NP is the set of decision problems that are efficiently verifiable. Given an instance $x$ of the decision problem, there is a short "proof" $w$ that, given the pair $(x, w)$, one can efficiently verify that $x$ is true.
coNP is the set of decision problems that are efficiently refutable. Given an instance $x$ of the decision problem, there is a short "dis-proof" $w$ that, given the pair $(x, w)$, one can efficiently verify that $x$ is false.
For essentially all known public-key encryption schemes, public keys form an NP set.
What does this mean?
Given some public key $pk$, there is some additional information $sk$ (the secret key) such that one can efficiently verify that $pk$ is a public key with respect to the secret key $sk$.
For example
for RSA, $N = pq$. Given some $N'$ which may or may not take this form, we can efficiently verify it does via the witness $(p, q)$.
for DLOG type assumptions, given some $(g, g^s)$, we can similarly efficiently verify that $g^s$ takes this form via the witness $s$
for lattice/code-based schemes, given some $(A, As + e)$, we can efficiently verify that $(As + e)$ takes this form via the witness $(s, e)$.
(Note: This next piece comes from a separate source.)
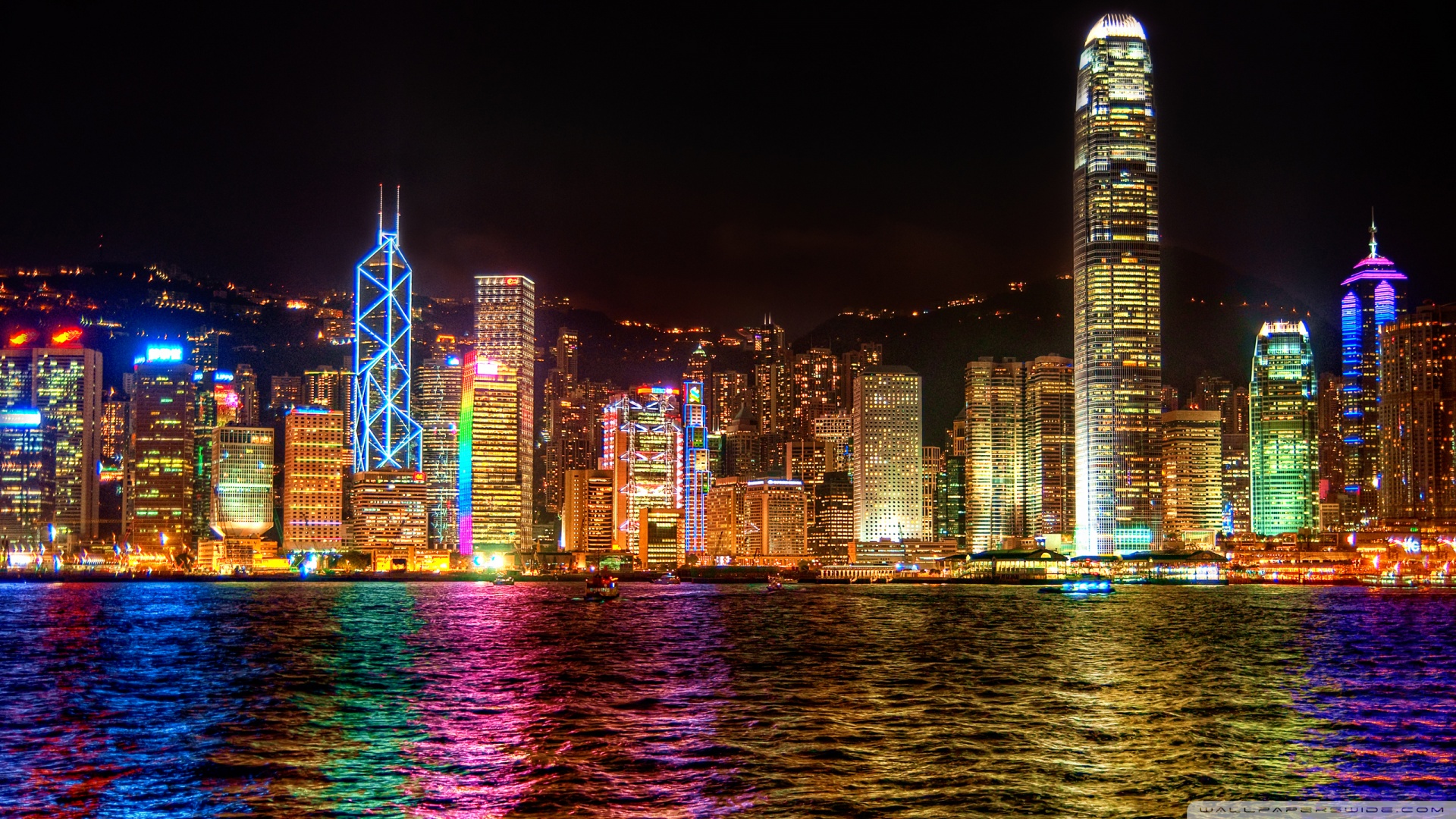 Description: A city skyline with a lot of tall buildings lit up at night time with bright lights on the water.

This is all to say that, given the secret key of some PKE, it is typically quite easy to verify the public key is structured correctly (and not simply some random element).
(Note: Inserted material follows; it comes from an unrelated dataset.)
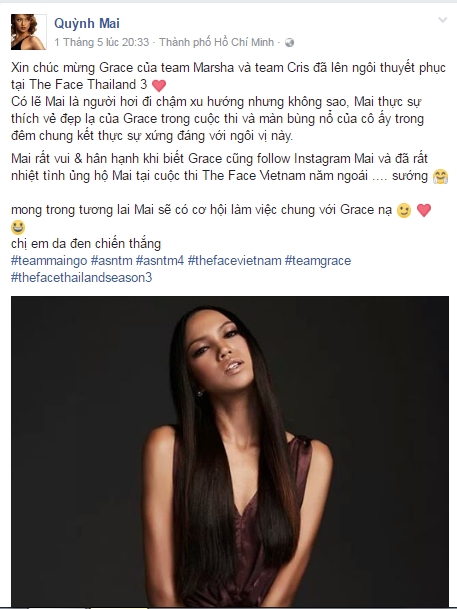 Mới đây, Mai Ngô, Á quân The Face Việt Nam cũng đã có những chia sẻ chúc mừng cho Grace. Đặc biệt hơn, Mai Ngô còn cho biết thêm Grace từng nhấn nút theo dõi Instagram của Mai và ủng hộ cô trong cuộc thi The Face Việt Nam năm ngoái. Điều này khiến cô rất vui và cảm thấy hân hạnh. Đây thực sự là một bất ngờ thú vị vì trước đó trong cuộc trò chuyện với Quán quân Phí Phương Anh, Grace cũng đã tiết lộ rằng cô từng xem The Face phiên bản Việt và rất yêu thích chương trình.

Now, a public key would be in a coNP set if, given some "$pk$" that is not a public key (and instead is simply some "random element"), one can efficiently verify this.
For example, for RSA, if someone gives you some $N$ that cannot be written as $N = pq$, you can efficiently verify this via a complete factorization of $N = \prod_i p_i^{e_i}$. $((p_1, e_1),\dots,(p_k,e_k))$ therefore serves as a witness to $N$ not being an RSA public key, and in this sense RSA public keys are both an NP set and a coNP set.
The claim of that section of the paper is that the precondition
encryption is deterministic and the set of public-keys form a coNP set.
is restrictive. I personally view the first part of this as being more restrictive than the second.
For example, it seems likely to me that in all three examples I mentioned above, public keys form a coNP set.
In the first two examples it is obvious, and in the third I think strong enough basis reduction could/should work as a witness, in particular if $B$ is a short enough basis for the dual of $\mathcal{L}(A)$, then $(BAs + Be)$ will be an unusually short vector for a "true LWE" sample, but will be uniformly random for a random sample, e.g. will be a coNP witness.